To authorize we can create a new service account and use its token to authorize against the API:
kubectl create serviceaccount foo
export TOKEN_NAME=$(kubectl get serviceaccount foo -o=jsonpath="{.secrets[0].name}")
export TOKEN=$(kubectl get secret $TOKEN_NAME -o=jsonpath={.data.token}|base64 -D)
curl -k --header "Authorization: Bearer $TOKEN" https://$KUBE_API_HOST/api
First a service account named foo is created. Then 'kubectl get' is used with jsonpath to extract the name of the token secret. In the next step this token is extracted into an environment variable called TOKEN. Finally this TOKEN is used as a header to make the same curl command as above. This time the result is a listing of API versions. But this service account is also not allowed to do more, like listing namespaces. Try:
curl -k --header "Authorization: Bearer $TOKEN" https://$KUBE_API_HOST/api/v1/namespaces
With the following command you can assign the admin role to the service account:
kubectl create clusterrolebinding --clusterrole=cluster-admin --serviceaccount=default:foo foo-binding
Of course don't use this in any production system to grant rights to a service account. This service account can now do anything on this cluster.

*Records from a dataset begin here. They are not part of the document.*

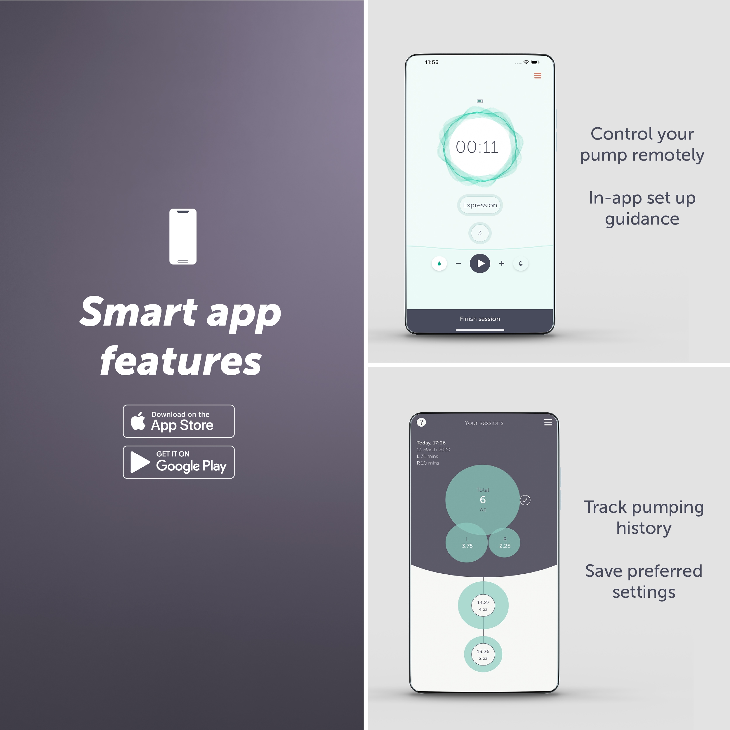 إلفي سترايد (فردية) - مضخة ثدي عالية الامتصاص، بتحكم بالتطبيق، بدرجة طبية - مضخة ثدي كهربائية مريحة بدون استخدام اليدين، مع وضعين وسعة 150 مل لكل عبوة
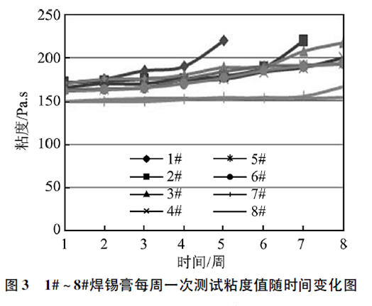 從圖3看出,1#、2#焊錫膏連續(xù)測試不到8周砂化,3#~8#焊錫膏在8周測試時(shí)間內(nèi)未砂化,但3#~6#焊錫膏粘度變化較大,粘度變化超過20%,不利于焊錫膏印刷使用。7#、8#焊錫膏粘度值穩(wěn)定,保質(zhì)期較長。
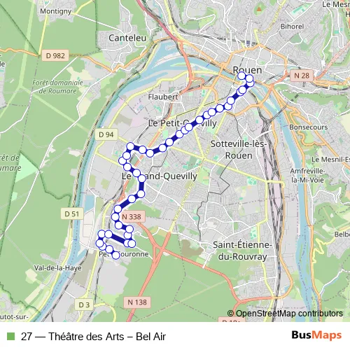 See why over 2 million users trust and consider busmaps.com as the best public transport website. busmaps gives you Rouen Buses suggested routes, real-time bus tracker, line route maps in Rouen, and helps to find the closest 27 bus stops near you. No internet available? Download an offline PDF map and bus schedule for the 27 bus to take on your trip.

Creating a new user that is authorized using a signed certificate involves the following steps:
- Creating a new key
- Creating a signing request
- Signing it with the private key of your cluster
- Creating a kubenetes config that uses this certificate
These steps are included in the script generate_user.sh
in this directory. You can take a look at it to see the specific commands. Start it using:
./generate_user.sh
(This script currently assumes you are using minikube. So it would not work using kind.)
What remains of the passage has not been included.